Abstract
Objective: The objective of this study was to explore the cost and utilization in the period following discontinuations or switches of disease modifying drugs (DMDs) for patients with multiple sclerosis (MS). Secondary objectives included an assessment of the time to switch or discontinuation from index DMD treatment.
Methods: Cases were defined as a billed MS diagnosis in continuously enrolled patients initiated with interferon-β1a IM, interferon-β1b SC, glatiramer acetate, and interferon-β1a SC found in the PharMetrics Patient-Centric Database. Information on patient demographics, diagnoses, procedures, pharmacy-dispensed drugs, and costs was extracted; reasons for discontinuation and expenses outside of the healthcare system were not available.

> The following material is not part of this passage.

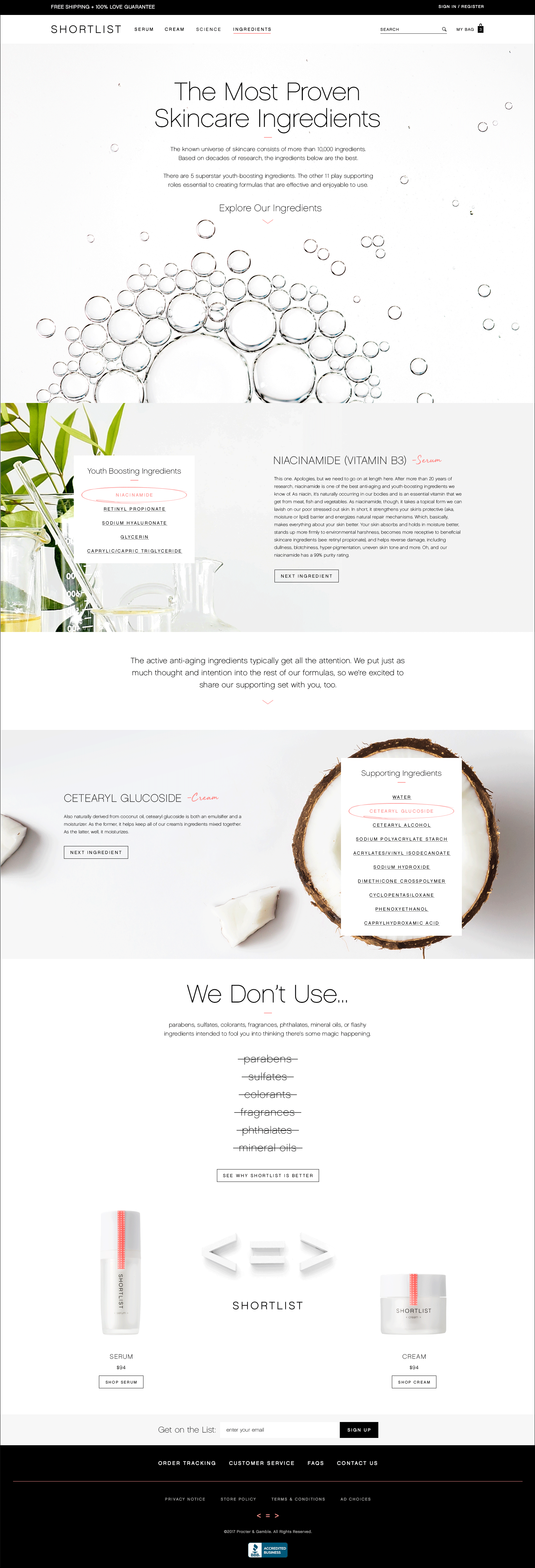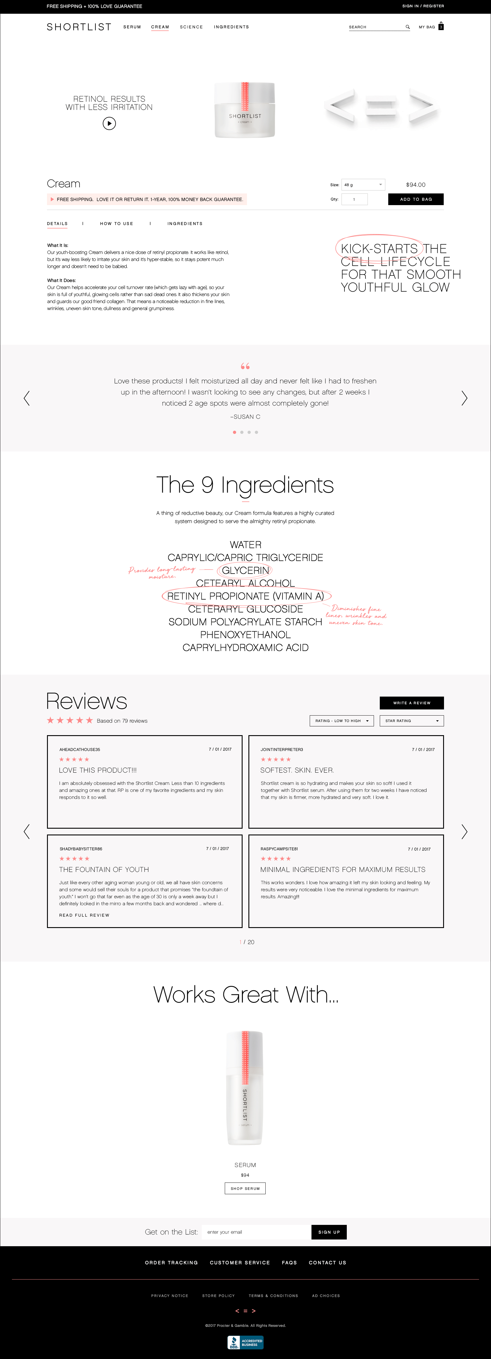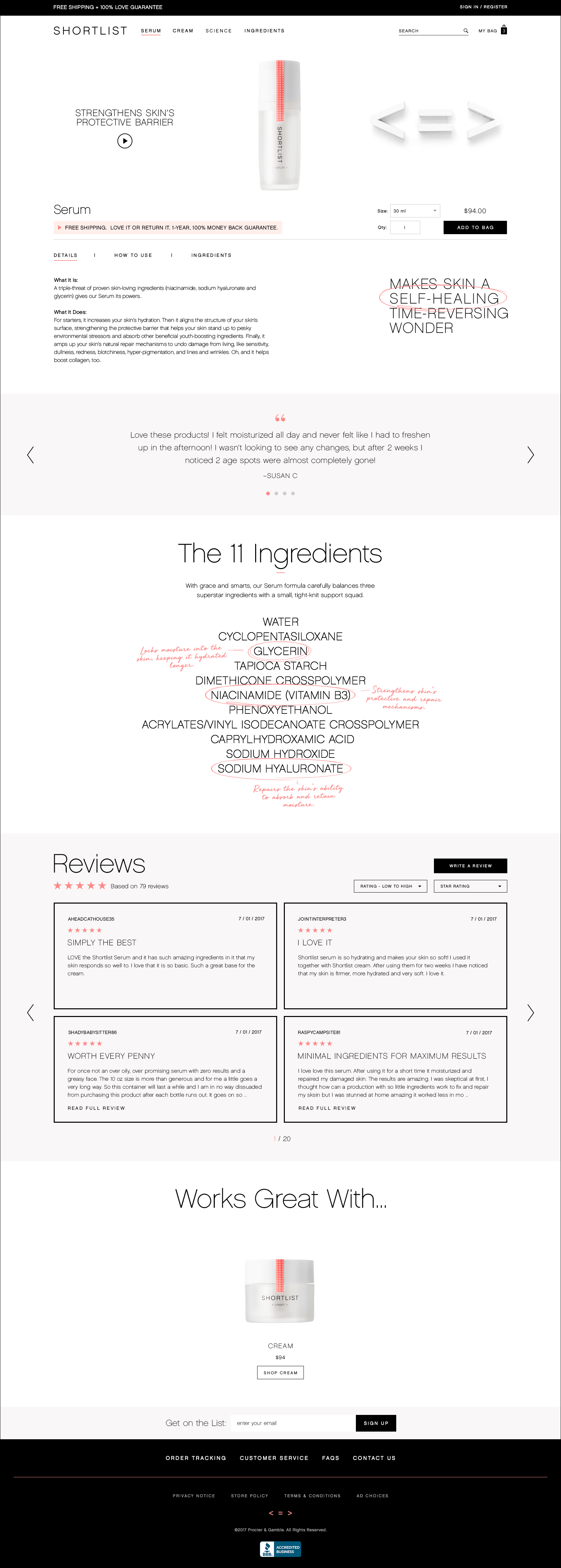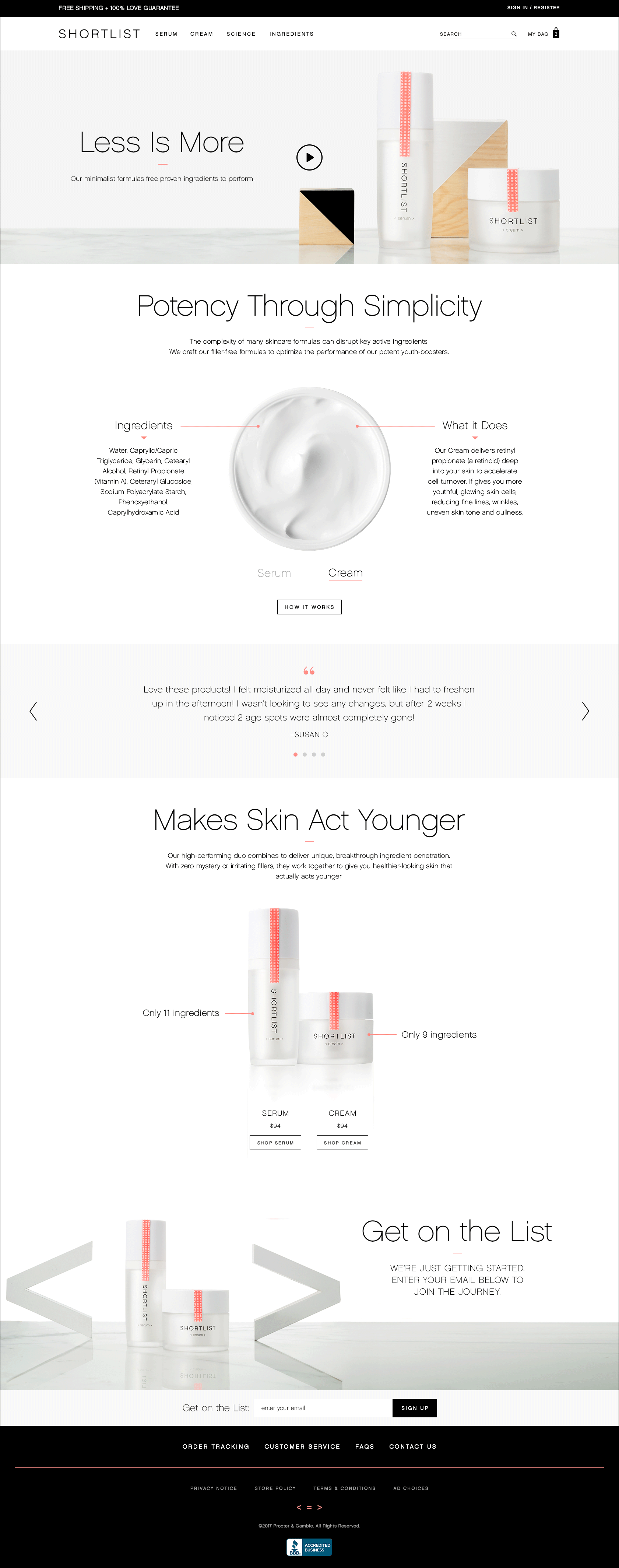 Shortlist is a new brand from the labs of Olay and SK-II at Procter & Gamble. Using only scientifically proven anti-aging in the simplest formulas possible, the brand offers a potent but minimalist approach to skincare.

Treatment discontinuations and switches between study drugs were defined using pharmacy prescription patterns and analyzed by descriptive and regression methods. The non-pharmacy medical costs in the 18 months following switching or discontinuation were compared to the costs in a randomly selected similar period for those patients who did not switch or discontinue these agents.
Results: A total of 5,772 MS patients were continuously enrolled and were treated with one or more of the four drugs of interest, and about half of these patients switched drugs or discontinued treatment for at least 90 days. Patients initiated with interferon-β1b SC were more likely to discontinue treatment compared to interferon-β1a IM users. Non-pharmaceutical medical costs were highest for those switching treatments followed by those discontinuing DMDs in the 18 months following a switch or discontinuation, compared to persistent users of these drugs. Interferon β1b SC initiators had higher costs following changes or discontinuations, while glatiramer acetate and interferon-β1a SC users had lower subsequent costs compared to interferon-β1a IM users.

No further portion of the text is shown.